We'll look through a few notable ones now.

`s.split(<delim>)` splits a string into a list. By default it splits at any whitespace, or you can tell it which character(s) to split at:

In [None]:
sentence = "This is a sentence with lots of words"
sentence.split()

In [None]:
sentence = "This,is a sentence,with,lots of words"
sentence.split(",")

`s.join(<sequence of strings>)` joins a sequence of strings together into a single string, with `s` between each string.

In [None]:
' '.join(["some", "words", "to", "stitch", "together"])

In [None]:
'%T%'.join(["some", "words", "to", "stitch", "together"])

`s.isdigit()` returns `True` if all characters in the string are digits and there is at least one character, `False` otherwise.

In [None]:
'12345678'.isdigit()

In [None]:
'123abc'.isdigit()

`s.upper()` and `s.lower()` convert strings to upper and lower case

In [None]:
'SpongeBob SquarePants'.upper()

In [None]:
'SpongeBob SquarePants'.lower()

`s.startswith(<search string>)` and `s.endswith(<search string>)`: return True if a string starts/ends with a substring

In [None]:
'SpongeBob SquarePants'.startswith("Sponge")

In [None]:
# case matters!
'SpongeBob SquarePants'.endswith("pants")

# String formatting

There are many, many ways to format strings for printing. Let's peek at a tiny slice that will make your life easier: formatted string literals, or [**f-strings**](https://docs.python.org/3/tutorial/inputoutput.html#formatted-string-literals).

Adding an `f` before a string lets you you include the value of Python expressions inside a string.
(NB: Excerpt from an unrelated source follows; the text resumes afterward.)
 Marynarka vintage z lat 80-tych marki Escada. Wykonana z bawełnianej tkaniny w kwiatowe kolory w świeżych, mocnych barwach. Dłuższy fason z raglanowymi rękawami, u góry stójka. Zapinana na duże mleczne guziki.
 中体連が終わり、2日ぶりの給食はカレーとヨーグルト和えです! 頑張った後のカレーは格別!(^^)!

Here's an example:

In [None]:
name = "Spongebob"
age = 72
foods = ["Cake", "Pie", "Peanut Butter"]
print(f"Hi, I am {name}, I'm {age} years old, and I like {len(foods)} foods: {', '.join(foods)}.")
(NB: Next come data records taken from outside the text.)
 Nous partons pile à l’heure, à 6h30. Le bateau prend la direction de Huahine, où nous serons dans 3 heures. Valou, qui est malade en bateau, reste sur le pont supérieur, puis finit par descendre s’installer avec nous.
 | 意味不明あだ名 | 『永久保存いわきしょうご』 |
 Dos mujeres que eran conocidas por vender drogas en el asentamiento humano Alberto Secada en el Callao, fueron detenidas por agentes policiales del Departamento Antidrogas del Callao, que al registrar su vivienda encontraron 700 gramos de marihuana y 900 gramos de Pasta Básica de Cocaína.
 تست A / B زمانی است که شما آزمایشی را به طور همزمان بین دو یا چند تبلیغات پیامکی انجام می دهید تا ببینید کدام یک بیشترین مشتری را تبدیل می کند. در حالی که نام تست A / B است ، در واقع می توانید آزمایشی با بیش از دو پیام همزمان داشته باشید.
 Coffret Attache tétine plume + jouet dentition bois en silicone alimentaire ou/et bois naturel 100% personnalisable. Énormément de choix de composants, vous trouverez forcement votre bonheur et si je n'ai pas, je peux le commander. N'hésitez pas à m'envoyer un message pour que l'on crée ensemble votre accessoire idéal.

Note that we were able to include an integer (`age`) without an explicit type conversion. 

This makes printing **much** easier, no more awful lines like this: `print("Some text: " + str(some_number) + ".")`

One more formatting trick: to control the number of decimal places, add `:.<num decimals>f` after an expression in an f-string.

For example:

In [None]:
fraction = 1/3
print(fraction)
print(f"{fraction:.2f}")

The [official documentation on string formatting](https://docs.python.org/3/reference/lexical_analysis.html#f-strings) is extremely obtuse. Try [fstring.help](https://fstring.help/cheat/) instead for a decent reference.

# Iterables

An **iterable** object is an object capable of returning its members one at a time. 

All sequence types are **iterables**. Other types can be iterable too. 

An **iterator** is an object you use to iterate over and **iterable**.

Some examples of non-sequence iterable usage:
* Reading a file line-by-line - a file reader creates an iterator over all the lines in the file.
* A "generator" - an iterator that generates a sequence on-demand, as each item is requested.

The details of iterables and iterators are beyond the scope of this class. The important things to know for now are:
* **Iterables** are objects that can return their members one at a time
* All iterables can be iterated over in a `for` loop.

# `for` revisited, again

Last time, I promise. 

```
for <var> in <iterable>:
   statement(s)
```

`for` loops can loop over anything that is an **iterable**. This capture more than just **sequences**.